Hierarchical softmax versus Noise Contrastive Estimation. In a nutshell, for bigger vocabularies drawbacks of HS become more significant. As a result, NCE training results in much smaller values of perplexity. It's easy to see that performance of Truncated ReLU on this dataset agrees with experiments on PTB. Namely, RNN with Truncated ReLU units could be training more efficiently with CE, if the layer size is small. However, relative performance of the other unit types have changed. In contrast to PTB experiments, on One Billion Words corpus the simplest unit achieves the best quality.

Note.

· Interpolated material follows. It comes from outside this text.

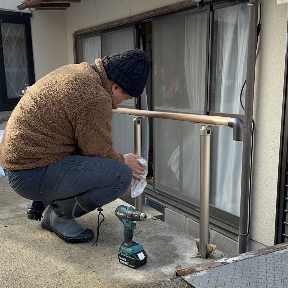 勝手口を出たところに階段があり足元が不安定になりやすいため、手すりを設置して安全性を高めていきます💡👷‍♂️

We report the best perplexity on heldout-00001 after grid search over the learning_rate, bptt, and diagonal_initialization. We use 50 noise samples for NCE training.

The following graph demonstrates dependency between number of noise samples and final perplexity. Just as in the case of PTB, 5 samples is enough for NCE to significantly outperform NCE.

One important property of RNNLM models is that they are complementary to standard N-gram LM. One way to achieve this is to train maxent model as a part of the neural network mode. That could be achieved by --direct and --direct-order options. Another way to achieve the same effect is to use external language model. We use Interpolated KN 5-gram model that is shipped with the benchmark.

Maxent model significantly decrease perplexity for all hidden layer types and sizes. Moreover, it diminishes the impact of layer size. As expected, combination of RNNLM-ME and KN works better than any of them (perplexity of the KN model is 73).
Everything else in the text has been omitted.